Although epidemiological data indicate that White women are more likely to drink and binge drink before pregnancy, fetal alcohol syndrome (FAS) is more common in the Black population than among Whites in the United States. Differences in drinking cessation between Black and White women who become pregnant may help explain the disparity in FAS rates.

METHODS:

The study sample was comprised of 280,126 non-Hispanic Black and White women, ages 18 to 44, from the Behavioral Risk Factor Surveillance System (BRFSS) 2001 to 2005 data sets. Predictors of reduction in alcohol consumption (in drinks per month) and binge drinking (>4 drinks on one occasion) by pregnant and non-pregnant women were identified with logistic regression. The effect of interactions of pregnancy status with age, education, and Black or White race on drinks per month and binge occasions were explored using analysis of variance (ANOVA).

RESULTS:

Pregnant White women averaged 79.5% fewer drinks per month than non-pregnant White women (F = 1250.1, p < 0.001), and 85.4% fewer binge drinking occasions (F = 376, p < 0.001). Pregnant Black women averaged 58.2% fewer drinks per month than non-pregnant Black women (F = 31.8, p < 0.001) and 64.0% fewer binge occasions (F = 13.8, p < 0.001).
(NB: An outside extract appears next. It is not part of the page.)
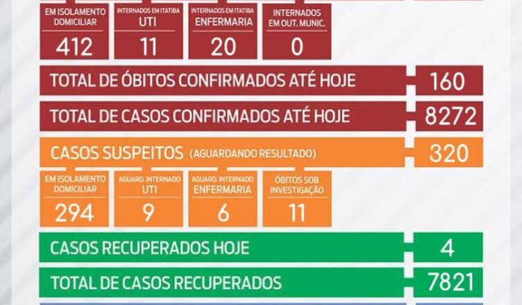 Quatro cidadãos saíram da quarentena, considerados recuperados. Foram registrados três óbitos de casos confirmados e um suspeito. Tratam-se de dois senhores, de 65 e 69 anos, com comorbidades, e uma senhora de 61 anos. Lamentamos com pesar e deixamos às famílias enlutadas nossa solidariedade.

Compared to Black women, White women appear to make a 38% greater reduction in drinks per month, and a 33% greater reduction in binge occasions.

CONCLUSIONS:

Non-Hispanic White women appear more likely to reduce drinks per month and binge drinking occasions than non-Hispanic Black women during pregnancy. These findings may help explain disparities in FAS in the United States, though this cross-sectional sample does not permit claims of causation. To better describe the impact of differential drinking reduction on FAS rates, future studies of longitudinal data should be done.